In detail, we examine how document element extraction can be automated, using the example of safety data sheets, stored in the Portable Document Format (PDF) . For this purpose, we provide a new benchmark data set with of hundreds SDSs labeled with 13 different elements of interest. This data set can be used to test our SDS extraction algorithms and train other models. To represent the PDF data in an appropriate format, we receive the horizontal and vertical location of each symbol.Due to the lack of existing labels in our data set, we annotate every token of interest with the according label using rule-based scripts.

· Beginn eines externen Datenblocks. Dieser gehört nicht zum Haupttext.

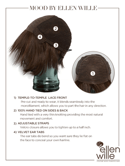 Mood by Ellen Wille is a treasured chin length bob crafted to give you an absolute natural look. The Mood is created with Ellen Wille's new and innovative Prime Hair! Prime hair is a proprietary composition of Human Hair enhanced with Premium Synthetic fiber which allows for longer lasting vibrancy of the colors. Prime hair is also stylable and due to the premium synthetic fiber (which withstands heat up to 350) any style you give these wigs will hold much longer and even through washings! This is workmanship at its finest creating the perfect wig wearing experience. Featuring a very thin hand-knotting the Mood provides a new innovative lace front that seamlessly blends into the front part replacing the well known monofilament. The soft and caressing hair provides a great sense of well-being and is unmatched with its versatility in styling. The cap is adjustable and lightweight providing comfort with a custom fit. Mood is part of the Ellen Wille Prime Power collection.

Finally, we train 46 separate Classifiers on different feature combinations for various label groups in order to assess which features work best for the extraction.
Additionally, we assess how our models perform when context is incorporated.
The results of our models show three major findings:
1-) Context incorporation leads to improvements for all feature sets.
2-) In the case of no window, we already achieve strong scores within all models containing our self-developed features.
3) Without context incorporation, HC features are not sufficient.
Overall, the main contributions of this paper are the following:
1) This paper focuses on automatic document information extraction using the example of SDSs which is of high practical value.
2) This paper adds to the existing literature of automated information extraction by introducing a new type of feature set.
3) This paper shows that replicating an existing ML-based approach can also work for a different use case to a certain extent.
4) This paper highlights the number of possible applications for information extraction out of documents and their importance to finding appropriate solutions.“